Visiblement ce groupe de chercheur n’est pas spécialement favorable à l’idée du Mid-foot (Milieu de pied), que l’on retrouve un peu trop à mon gout en triathlon et je vous avoue que je partage totalement leur scepticisme car un tel réglage est pour moi totalement aberrant… Ah l’effet des modes !

Ils ont décidé de tester pour chaque personne, un réglage 5 mm en avant du premier métatarse et en arrière, ce qui représente tout de même une différence de 1 cm sur le réglage des cales. Leur postulat était qu’une position postérieure (recul de 5 mm vis-à-vis du 1er métatarse) de la cale sur la chaussure de vélo, modifie l’activité musculaire des membres inférieurs et améliore la partie course à pied, sans altérer la performance cycliste.

Leur test consistait en la réalisation d’un effort cycliste sur Wattbike de 32 min, composé d’efforts de 3’30 en dessous du premier seuil ventilatoire, entrecoupés de sprints maximaux de 30s et enchainé par un effort maximal de 20 min sur un tapis de course à pied, avec une inclinaison de 1%.

Ils mesurèrent alors la puissance et la cadence en cyclisme, puis la distance et la vitesse de course sur le tapis roulant pour la partie pédestre. De plus, les sujets portèrent durant tout le test un appareil mesurant les échanges gazeux, couplé à une ceinture de fréquence cardiaque, leur permettant de déterminer les couts énergétiques.

Ils ne se sont pas arrêté là, puisqu’ils ont ajouté une analyse électromyographique, en positionnant des électrodes de surface sur la jambe droite de chaque participant au niveau du vaste latéral et médial, du biceps fémoral, du gastrocnémien médial, du soléaire et du tibial antérieur.
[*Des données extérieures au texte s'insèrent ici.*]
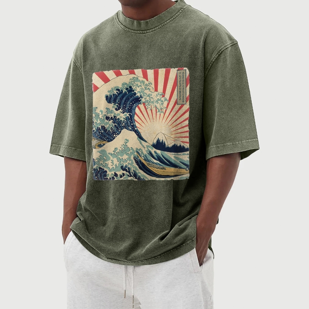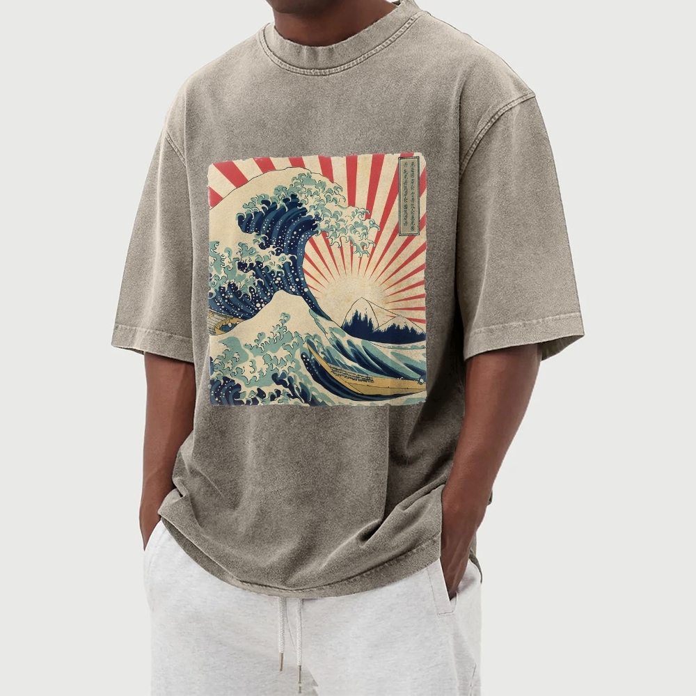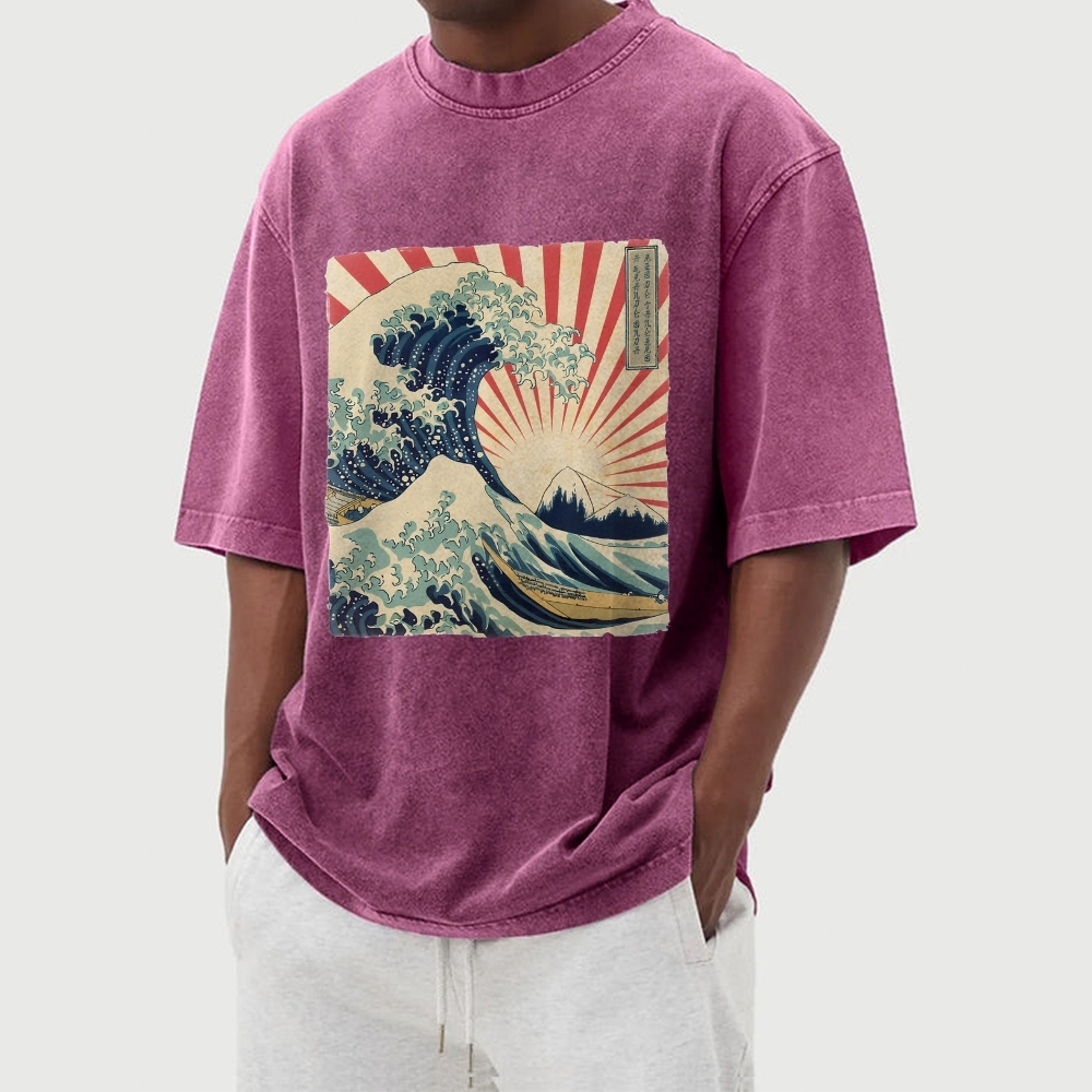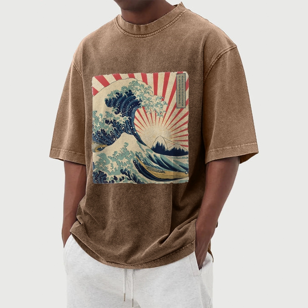 Ukiyoe Wave Washed Vintage Short Sleeves T-Shirt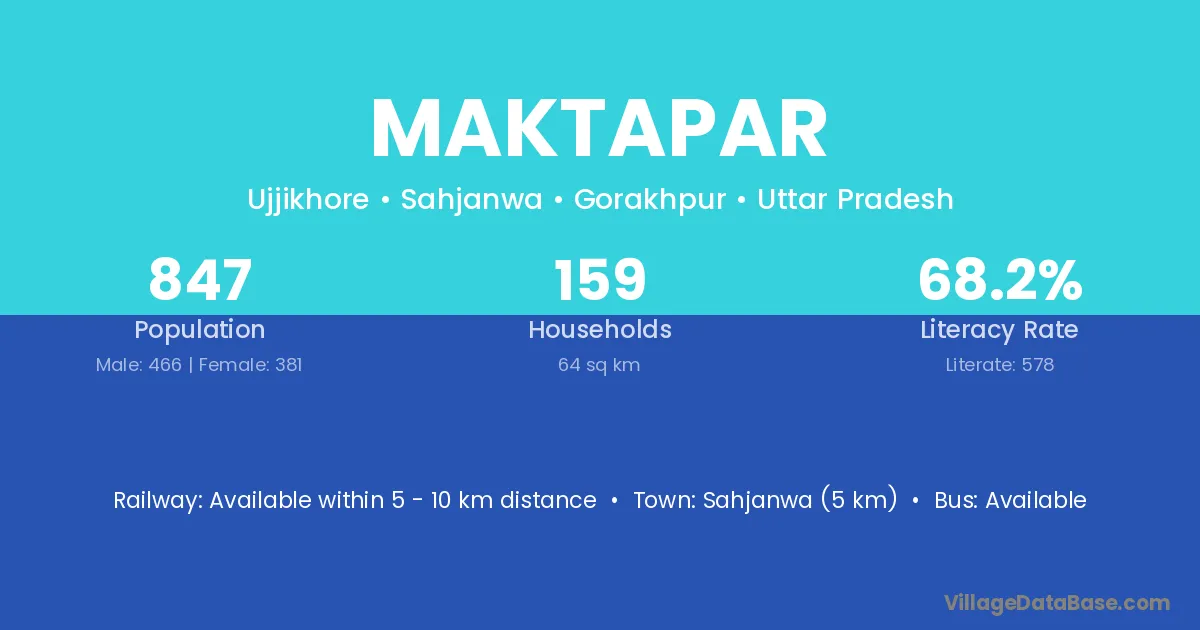 Sahjanwa (5 km) is the nearest town to Maktapar village for major economic activities and is located approximately 5 km away.

Ils trouvèrent que le positionnement en arrière du 1er métatarse améliore la performance en course à pied et l’économie de course, sans perturber de façon importante la puissance développée en cyclisme (VO2 et puissances non significativement différentes dans les deux conditions). Plus précisément en faisant ce réglage, ils ont observé une moindre activation du soléaire durant les efforts sous maximaux en vélo et des gastrocnémiens durant la course à pied.

Conclusion, lorsque vous réglez vos cales d’avant en arrière, repérez votre premier et votre 5ème métatarse, regardez la distance séparant les droites que vous aurez tracé sous vos chaussures et vous verrez qu’en moyenne on aboutit à un réglage entre 5 et 7 mm en arrière du 1er métatarse, parfois un peu plus parfois légèrement moins.

Quoiqu’il en soit, n’oubliez pas lors des premières sorties de prendre votre clé avec vous afin d’ajuster si vous sentez vraiment de grosses douleurs, sinon laissez-vous deux à trois séances afin de voir comment réagit votre corps. Surtout, n’allez pas faire une longue séance juste après votre nouveau réglage, qui ne laissera pas le temps au corps de s’habituer et engendrera à coup sûr des tendinites.

Quelle rotation appliquer aux cales ?

Voyons maintenant l’orientation des pieds dans l’espace ou comment régler dans le sens horaire ou anti-horaire vos cales.

La première des choses à faire est de vous assoir sur votre table de salle à manger, pieds nus et de regarder comment naturellement vos pieds s’orientent dans le vide.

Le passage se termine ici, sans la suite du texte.